Re: IRI and IDN support; libcurl blocked? (was: Re: libwww blocked)

On Thu, January 3, 2008 02:42, Martin Duerst wrote:
>
> At 21:13 08/01/02, Regis Boudin wrote:
>>
>>On Wed, January 2, 2008 11:02, Urs Holzer wrote:
>>> They want to prevent bots from harvesting email adresses and flooding
>>> publicly editable resoures such as wiki sites. Perhaps the people who
>>> write those bots use libwww (because it is really easy to use) and
>>> don't care about the user agent header.
>>
>>Actually, wouldn't it be better to try and move away from libwww ? It
>>looks pretty much unmaintained upstream, with the last official release
>>over 5 years old and the last CVS commit 13 months ago.
>>
>>>From a Debian perspective, only 4 packages still use libwww, and its
>>current maintainer announced his intention to ask for removal from the
>>archive. His advice is to switch to libcurl, which seems to provide a
>> much
>>nicer to use API and is actively maintained. Obviously I am willing to do
>>some work on this and provide patches. I might do it anyway for the
>> debian
>>package...
>
> Two points:
>
> 1) libcurl is also mentioned on
> http://johannburkard.de/blog/www/spam/The-top-10-spam-bot-user-agents-you-MUST-block-NOW.html,
> so we can expect it to produce the same 'refusal by server' problems
> as libwww.

So no loss, here... Actually, the user agent can be set by the program
using libcurl, so this problem would be solved using libcurl.

> 2) In the current Amaya libwww code base supports,
>    Internationalized Domain Names (IDN, this works at least
>    on some systems, not necessarily on all) and
>    IRIs (Internationalized Resource Identifiers, this should work on
>    all systems). libcurl didn't support these the last time I checked.

According to the changelog [1] IDN support seems to have been in since
April 2004 through the use of libidn. IRIs support is not, though.
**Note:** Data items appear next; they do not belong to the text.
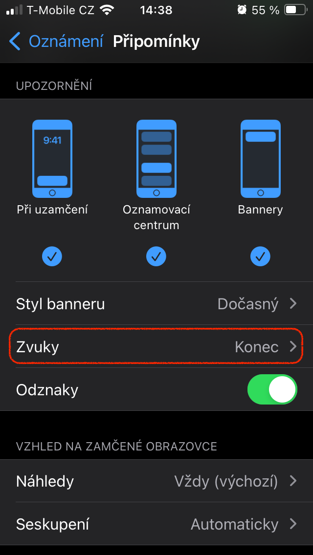 Když aplikace Připomínky odešle oznámení, může na základě vašich preferencí vydat také zvuk. Ovlivnit to lze v „Nastavení“, kde se zaměříte na „Oznámení“, dále „Připomínky“, poté přejdete do oddílu „Upozornění“ a klepnete na „Zvuky“. Další výběr už závisí jen na vás, ideálně by vzorek neměl být dlouhý, otravný, ale ani příliš nevýrazný, což by mohlo vést k jeho přeslechnutí.
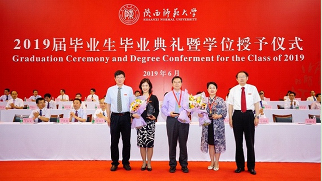 6月27日上午,2019届员工毕业典礼上,进行了best365官方网站第六届杰出员工颁奖,公司党委书记程光旭、董事长游旭群为校第六届杰出员工颁发了证书、奖品。第六届杰出员工当选者、新疆乌鲁木齐八一中学董事长、党委副书记、外语系1988届毕业生程彩铃,同其他2位杰出员工(清华大学附属中学董事长、原数学系1977级王殿军员工,西安交通大学附属中学董事长、原化学系1980级王佩东员工)一起接受了颁奖。
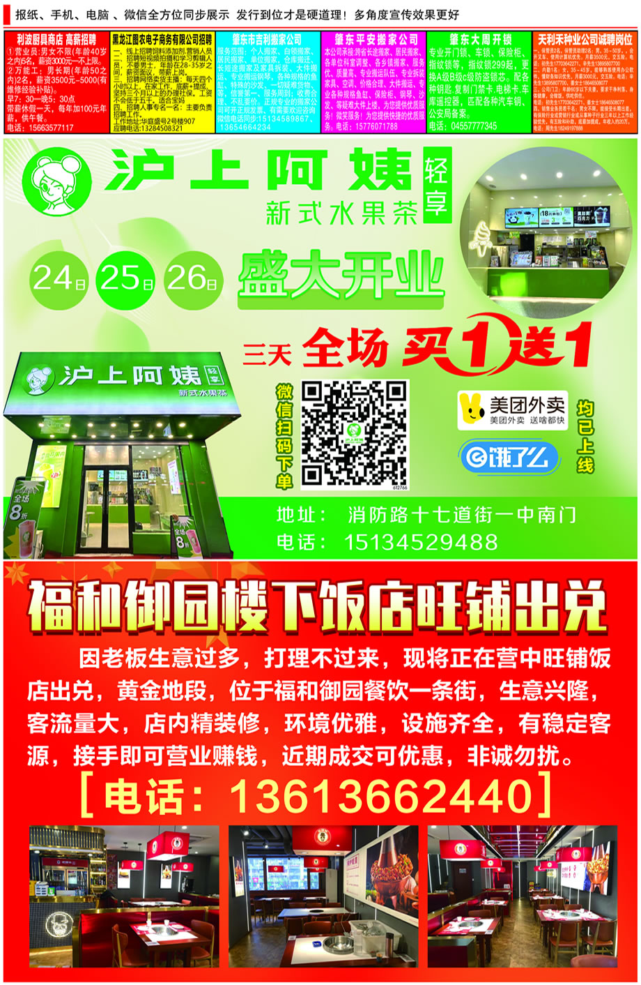 就在肇東老一中南門新開了一家 梨花田奶茶

[1] http://cool.haxx.se/cvs.cgi/curl/CHANGES.0?rev=1.3

>    However, a student of mine implemented these last year, and
>    I would be glad to contribute the code. It would be a pity if
>    switching from libwww to libcurl would remove support for IRIs
>    and IDNs.

>From what I've seen so far, it should be possible to have a conditional
build against either libwww or libcurl, which was my plan anyway. An on
the other hand, libcurl would provide https support among other things
which are still missing in libwww.

Regis

Received on Thursday, 3 January 2008 10:24:10 UTC